Hello, after 10 years away, my wife Becky and I are returning to Negril for two weeks and to renew our vows. we spent our honeymoon there at NBCC, loved the walk to town and Selinas. I understand its gone? I know alot changes in 10 years, but I hope the flavor of Negril is still laid back!
 We will be looking for a room, even be a yardie now that we know what we are doing! I will pay in advance now with no return policy for SUBSTANTIAL discount if you know what I mean.
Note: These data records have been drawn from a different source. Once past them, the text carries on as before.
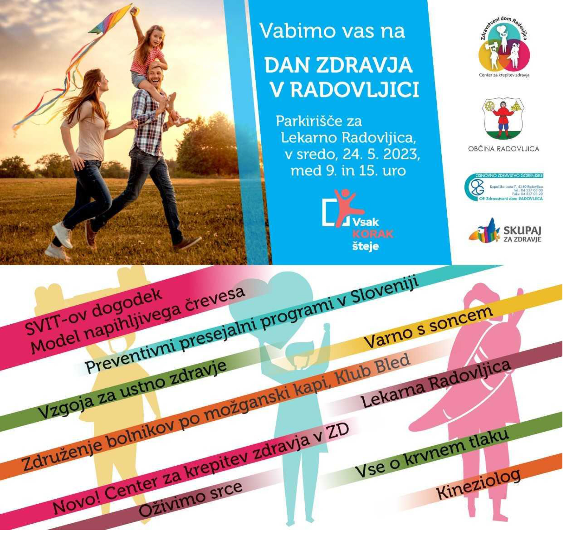 Jutri v sredo, 24. maja od 9.00 do 15.00 vas Zdravstveni dom Radovljica vabi na zelo zanimiv dogodek, DAN ZDRAVJA. Stojnice bodo postavljene na parkirišču za Lekarno Radovljica. V primeru dežja se bodo preselili v klet ZD – VHOD IZ PARKIRIŠČA PO STOPNICAH . V telovadnici ZD pa se boste lahko sprehodili skozi model Svitovega napihljivega črevesa.
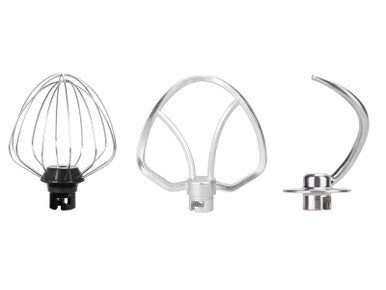 Mixer with ABS structure and removable stainless steel bowl with a 4.5L capacity. Thanks to the powerful 1000 watt motor and the 8 speed selectable pulse button it is ideal for kneading, mixing and whipping. Transparent plastic splash guard on the bowl. Flush whisk, flat whisk and easily interchangeable dough hook supplied. Base with non-slip suction cups for secure fixing.
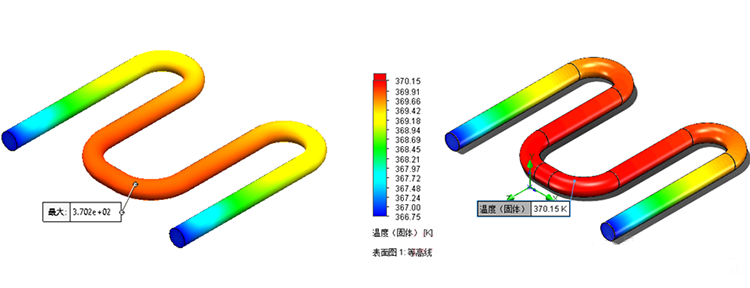 總結(jié):從SOLIDWORKS Simulation和Flow Simulation的結(jié)果看,由于兩個的色階方面不同,過渡方面看起來不一樣,但是實際趨勢和數(shù)值都高度一致,最高溫度為370.2K。而Flow Simulation在流體散熱的算法和材料本構(gòu)關(guān)系上會比Simulation更加優(yōu)勝!
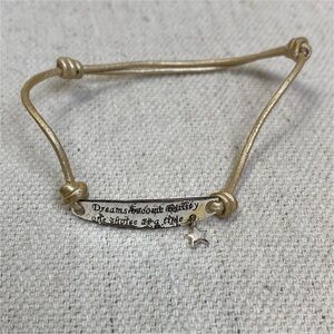 Adjustable leather cord bracelet with sterling silver plaque “dreams become reality one choice at a time” with a dangling star accent - gently worn, some tarnish - stamped 925 LA
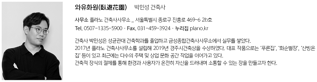 | 와유화원(臥遊花園) 설계자 | 박민성 _ 플라노 건축사사무소 건축주 | 김은정 감리자 | 박민성 _ 플라노 건축사사무소 시공사 | (주)에이더스 종합건설 설계팀 | 이원길, 김근혜 설계의도 구현 | 플라노 건축사사무소 대지위치 | 경기도 양평군 강상면 주요용도 | 단독주택 대지면적 | 729.00㎡ 건축면적 | 247.83㎡ 연면적 | 381.34㎡ 건폐율 | 34% 용적률 | 52.31% 규모 | 2F 구조 | 철근콘크리트구조 외부마감재 | 노출콘크리트 내부마감재 | 친환경페인트, 원목마루, 타일 설계기간 | 2022. 03 - 2022. 08 공사기간 | 2023. 06 - 2024. 08 사진 | 최용준 구조분야 | 일맥구조 |
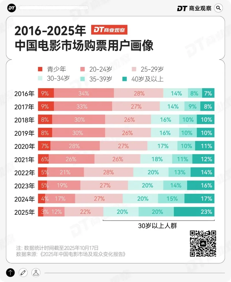 根据灯塔专业版数据,2025年30岁及以上购票观众占比达63%,相比2016年增长了34个百分点。
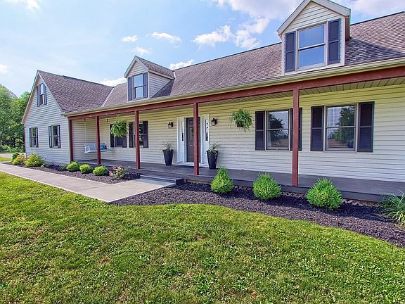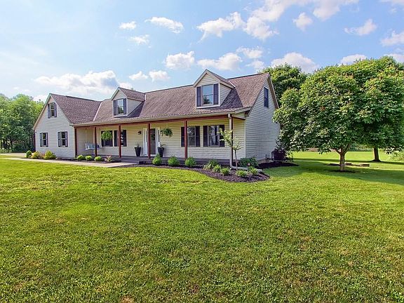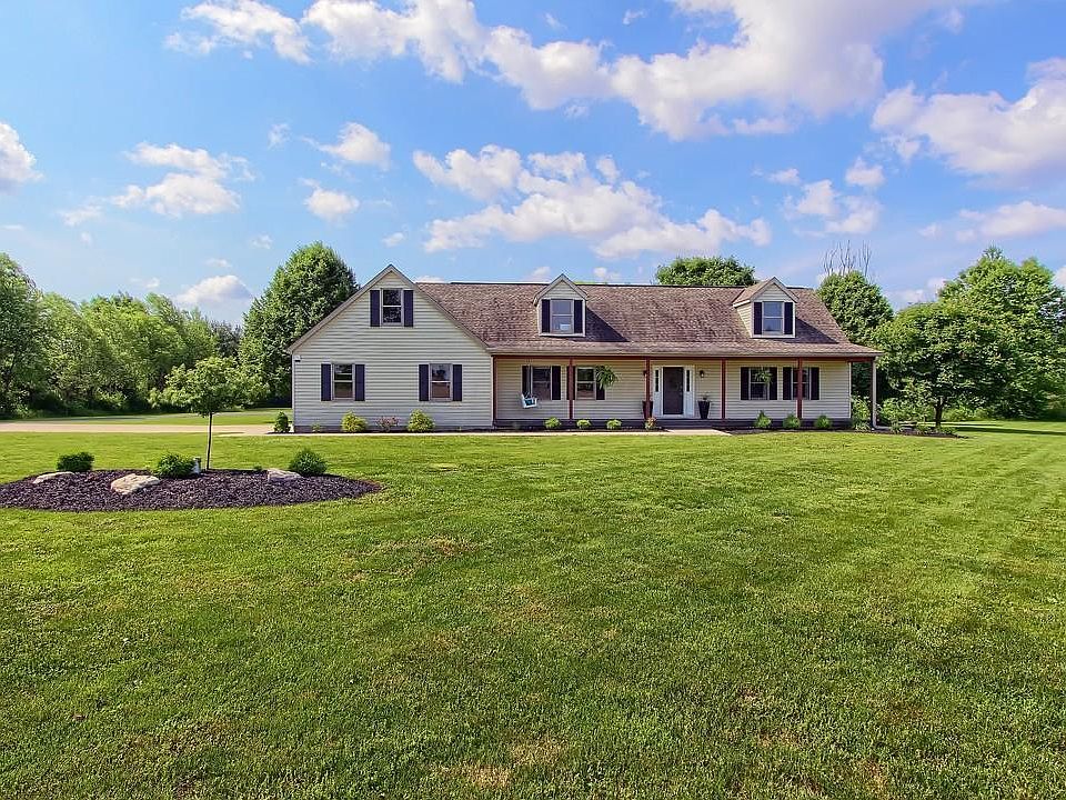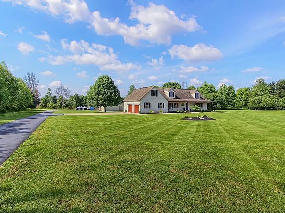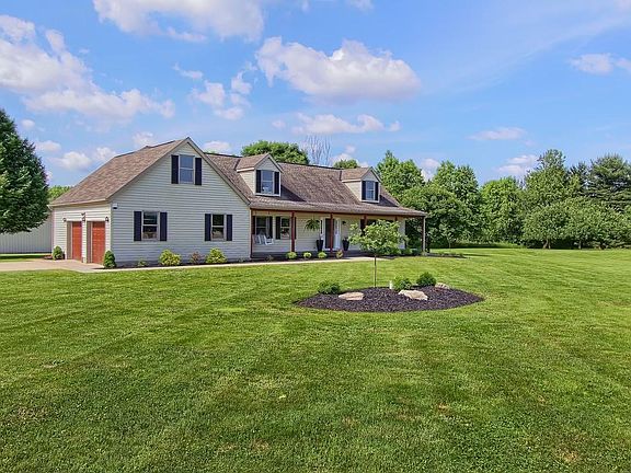Pics are in!! Beautiful 2275 Sq Ft, 3 BedRm 3 bath Cape Cod w/ 2 car attached finished Garage on 5.01 partially treed acres with Detached 27x36 Garage w/ half bath, concrete floor, electric, w/attached 24x27 3 sided car port, easy access to St Rt 23. Country property with easy access to City Conveniences. First Floor Master Bedroom w/ private full bath, Updated White & Bright Kitchen with Large Eating Area open to Living Rm & Back Deck w/Sunsetter Elect Awning. Kitchen features Quartz and Granite Counter tops, marble tile back splash, reverse osmosis drinking water, Stainless appliances. New Heat Pump/Furance/AC Nov 2018, Well Pump System, 2017/2018, First Floor all new Carpet Paint fall of 2017, Rm above garage not included in Sq Ft. Bonus Room!!
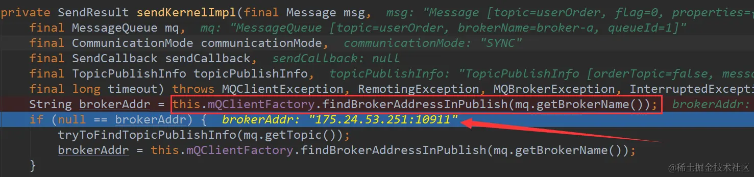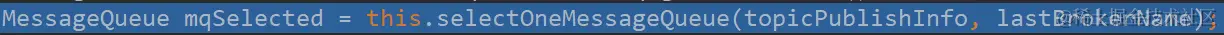 在这里首先它会进行一个容错策略判断,默认容错策略是false,也就是不进入容错策略语句分支中,如果容错策略为true,那么选择队列的策略是会去先选择lastBrokerName的消息队列topicPublishInfo:topic路由信息 lastBrokerName:上一个broker名称 public MessageQueue selectOneMessageQueue(final String lastBrokerName) { //如果上一个brokername为空直接随便选取一个消息队列,如果不为空为了负载均衡我们应尽可能避免这一次继续使用上一个brokername if (lastBrokerName == null) { return selectOneMessageQueue(); } else { //通过sendWhichQueue.getAndIncrement()方法获取自增字段,这样每次获取的index都会不同,达到了负载均衡的效果 int index = this.sendWhichQueue.getAndIncrement(); for (int i = 0; i < this.messageQueueList.size(); i++) { int pos = Math.abs(index++) % this.messageQueueList.size(); if (pos < 0) pos = 0; MessageQueue mq = this.messageQueueList.get(pos); //如果不等于上一次的brokername则直接返回该消息队列 if (!mq.getBrokerName().equals(lastBrokerName)) { return mq; } } //当我们只设置了一个broker那么只能使用该broker的消息队列,我们的topic是分布在多个broker中的,而每个broker中有多个topic,每个topic有多个消息队列,当我们只配置了一个broker,那么topic只能存在于这一个broker中 return selectOneMessageQueue(); } } -
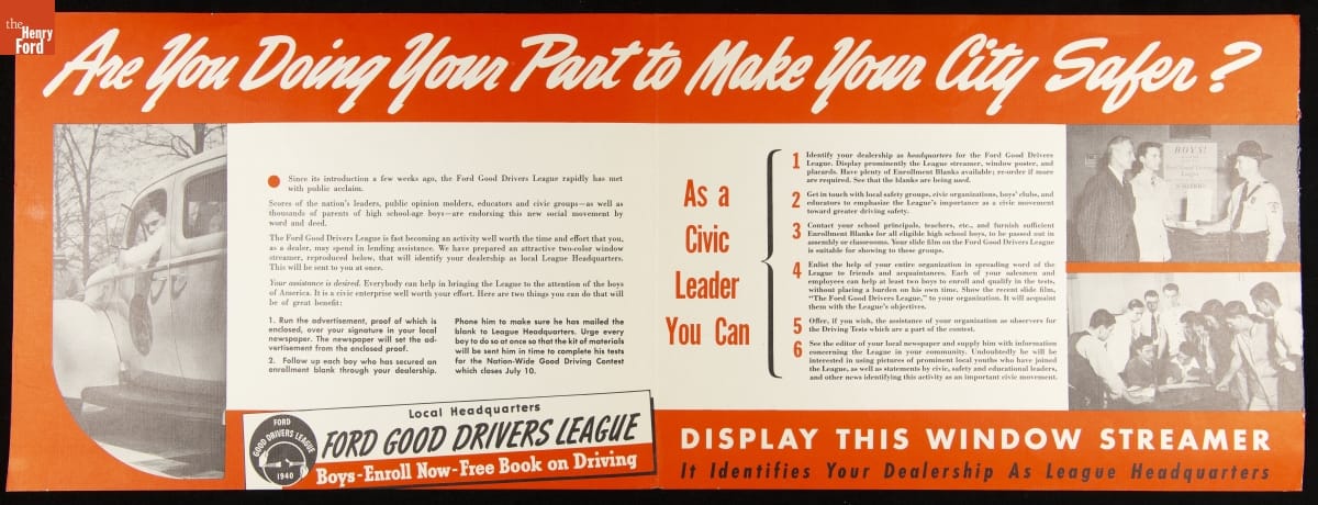 Ford Good Drivers League Brochure, "Headquarters for Youth in Your Community," 1940

Also, I would like to fed-ex a full color show laser in advance of my visit and need someone to recieve it for us prior to my arrival. 
 Thank you !!
 DYT and Becky

----------


## walter

Hello DYT and Becky :
   Renewing your vows is Negril is no doubt an excellent idea! Negril is changing, like everything else, but we all think it is a change for better. So, be aware, you may become, like thousands of us, a "regular". Coming again and again, not to Jamaica, but to our Negril.
   Seven years ago, my wife Lidia and I spent one week in January at Riu [it was called Tropical Bay,then] and it was perfect. Just to make sure, we went again 2 months later, and it was perfect again. In the Summer we looked at some houses and we purchased the place in February, 2008.
   It is one acre property on top of a coral hill, with stunning view of the famous 7 Mile Beach. Walking distance [about 300 m] to 2 large grocery stores, about 800 m to the beach and about 500 m in the opposite direction to 6 km stretch of hotels and restaurants on a cliffs.
 There are 2 one bedroom apartments at the main floor of our house, each renovated and equipped to the highest standards. Queen size bed in a bedroom and 2 reclining love seats in a living room. Naturally [although it is not always the case] AC, hot water, WiFi, etc. In fact, some of your closest guests, or family members may stay just the next door from you.
   We ask for $ 300.00 per week, $ 520.00 for 2 weeks, $ 670.00 for 3 weeks and $ 740.00 for a month.
   It would be a pleasure to have you as a guests in June, we indeed believe you will start coming regularly and humbly hope it will be always at our place. Please take a look at the pictures and the satellite map.
   Regards
P.S. No problem with shipping your laser, I can offer some contacts that will help.

----------


## DYT

Walter thank you so much for the offer!! Im running this across the wife tonight!!!!

----------